After nearly five full months of taking blow after blow, apparently it was time to throw in the towel. Reeling New York law firm Dewey & LeBoeuf finally filed for Chapter 11 bankruptcy protection last night in Manhattan federal bankruptcy court.
In addition to the filing, Dewey also announced last night that it is seeking approval to liquidate its business after failing to find a merging partner. The firm said it would ask about 90 employees to remain on staff to assist in winding down the business. It has $315 million in liabilities, with $225 million of that owed to its banks. Former partners, landlords and even janitors are still owed money.
Dewey has assets of about $13 million in cash and about $255 million in accounts receivable and ongoing legal work, according to papers accompanying the filing, the Wall Street Journal reports. Funds should be available to unsecured creditors, the filing said.
"During the first quarter of 2012, the firm was confronted with liquidity constraints that led to the precipitous resignation of over 160 of the firm's 300 partners by May 11," the firm said.
At its height, the combined entities of Dewey Ballantine and LeBoeuf, Lamb, Greene & MacRae, which merged in 2007, had about 1,450 attorneys.
The financial trouble began before the merger, however, as LeBoeuf Lamb execs attracted top partners at other firms with massive pay packages that guaranteed millions over a number of years, current and former Dewey partners have said. At the time of the merger, the same practice was employed to retain the two firms’ talent. And the practice continued into this year, and even intensified, despite the mounting debt.
Given the huge sums owed to a small percentage of partners, the practice left little money for the rest of the firm’s lawyers, which led to the initial trickle of partner defections in early January that evolved into the all-out hemorrhage in April and May.

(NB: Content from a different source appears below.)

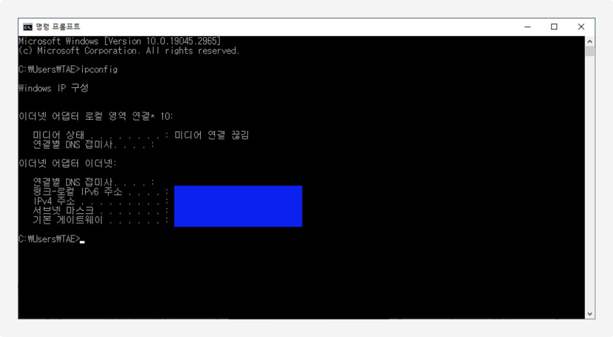 - 명령 프롬프트 창이 열리면, "ipconfig"를 입력하고 [Enter] 키를 누릅니다.
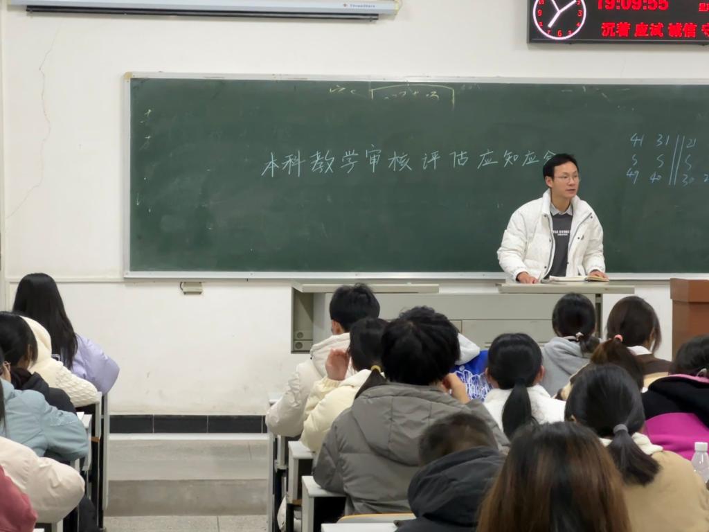 (通讯员 梁妍婧)为了迎接学校新一轮本科教育教学审核评估,营造人人关心、支持和参与的热烈氛围,全面提高学院师生对审核评估的认识和理解,以更好地推动我校教育教学质量的提升,学院组织开展了“本科教育教学审核评估应知应会手册”专题学习活动,本次活动通过专题班会、课前宣讲、宿舍走访等多种方式进行。

As of last week, only about 50 of the firm’s partners still remained. The firm already had let go its associates and much of its staff in the preceding weeks. According to the New York State Labor Department earlier this month, Dewey had terminated 433 of its 533 employees.

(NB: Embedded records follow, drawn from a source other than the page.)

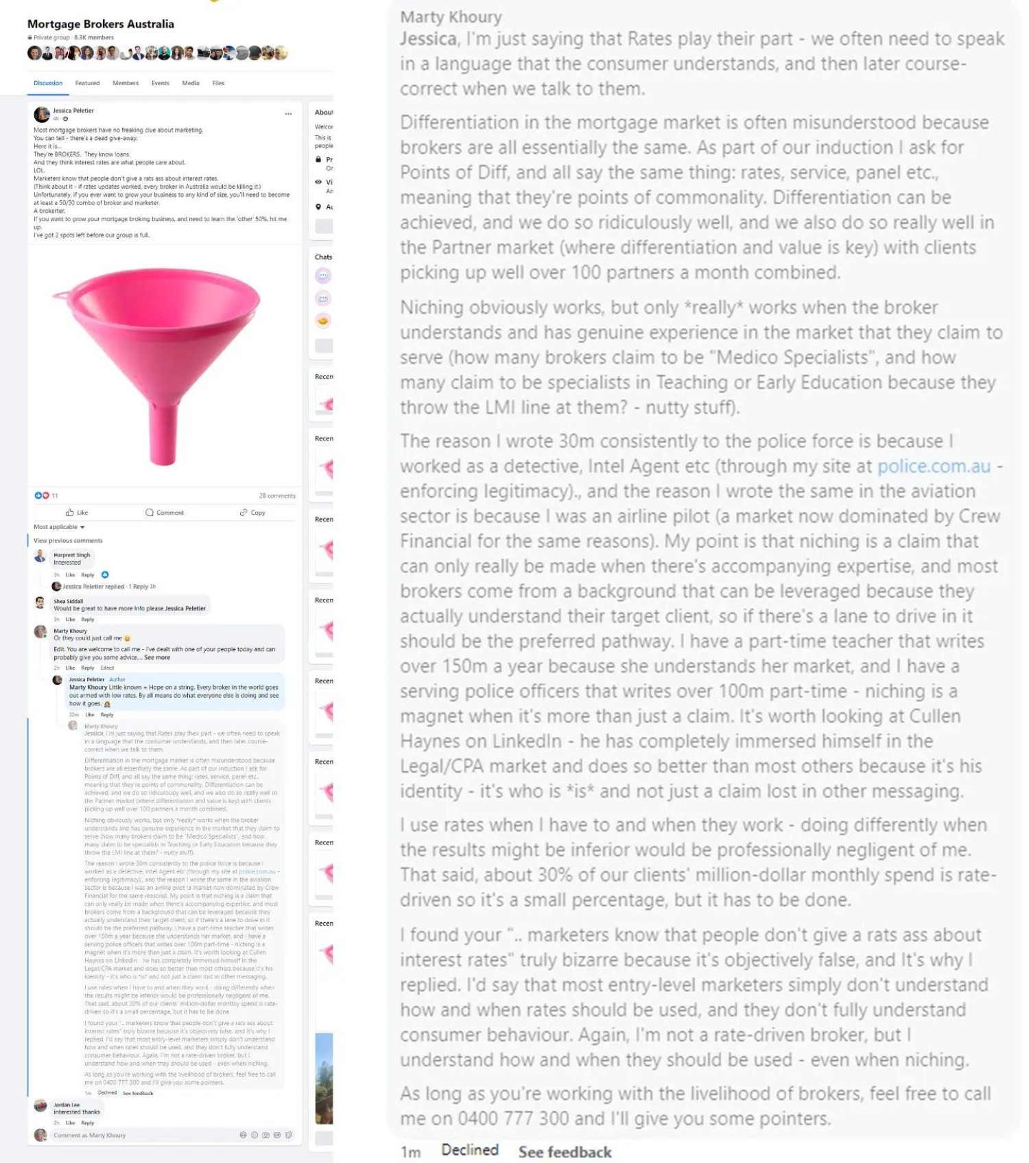 The conversation was innocent enough, but Jessica was wrong in *so many ways*. I would have though moderators would welcome and encourage competing arguments when replying to beginners, but they instead willingly allowed brokers to be led into the arms of absolute mediocrity in complete contrast to the overarching best-interest ethos that is meant to be the foundation upon which the industy operates.
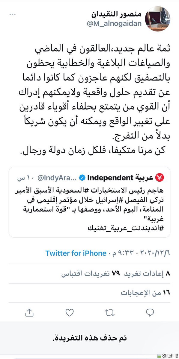 السعودية تعرف جيداً ماسبق ذكره. وياليت الذين يتفلسفون يتركوا السياسة لاهلها لن تخبروا السعودية ماعليها فعله ولن تستمع لكم هي تتصرف حسب ماتراه الانسب وليس على ماتراه انت الصح والسعودية ايضا دولة لاتكابر اذا أخطأت تبادر بتصحيح الخطأ ويكون اضافة خبرة وتجربة مع ماسبق من الخبرات
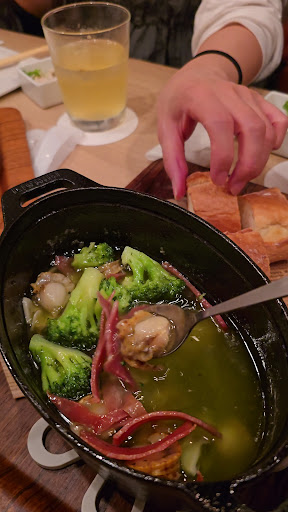 さて、ajitoのコンセプトとして大人の隠れ家というだけあって、一見壁に見える場所が出入り口なのは、おしゃれなのですが かがまないと入れないのは、機能面として改善の余地があると思います。腰があまり良くない人間としては辛いですし、酔っ払って顔を打つなどの事故が起こるかもしれません。 また、席がカウンター、小上がり、夜景が見えるテーブル、カーテンで仕切られたテーブルなど、いくつかあり、今回は半個室にっているカーテンで仕切られたテーブルにしました。 近くにあるKICHIRIではコールボタンがなく、店員を呼ぶ際に手や声を上げる必要がありましたが、この店舗ではボタンひとつで来ていただけます。 日曜で多忙だったにも関わらず、料理は暖かでドリンクも比較的早く提供されました。
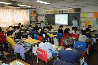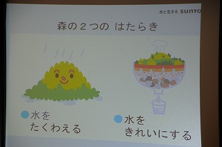 外部から講師を招き、実験をしながら森のはたらきについて考えています。

The Wall Street Journal had reported on May 18 that Dewey was preparing to file for bankruptcy despite many protestations by the firm leadership to the contrary. The Journal said that firm’s remaining partners and advisers were asked to be ready to file by the end of last week, although sources had added that the actual filing may not come until much later.
Despite the bankruptcy filing, experts still expect lawsuits to mount up against the soon-to-be-defunct firm from disgruntled former partners to other outside interests. In fact, they’ve already begun.
The Pension Benefit Guaranty Corp. (PBGC), which oversees U.S. private-sector pension plans and interjects to cover plans when employers cannot pay the promised benefits, sued Dewey earlier this month.
PBGC seeks to assume three of the firm’s pension plans, which it claims are underfunded by $80 million. The agency is worried that the sale of Dewey affiliates, which are partly responsible for funding the pensions, could make it more difficult for PBGC to recoup money to make up for the shortfall.
Dewey’s landlord, Property Group Partners, also has sued the firm for more than $927,000 in unpaid rent in Washington, D.C., and seeks possession of the firm’s 140,000-square-foot offices on New York Ave. Furthermore, the firm is potentially facing a class action lawsuit brought by a former employee as a result of its layoffs.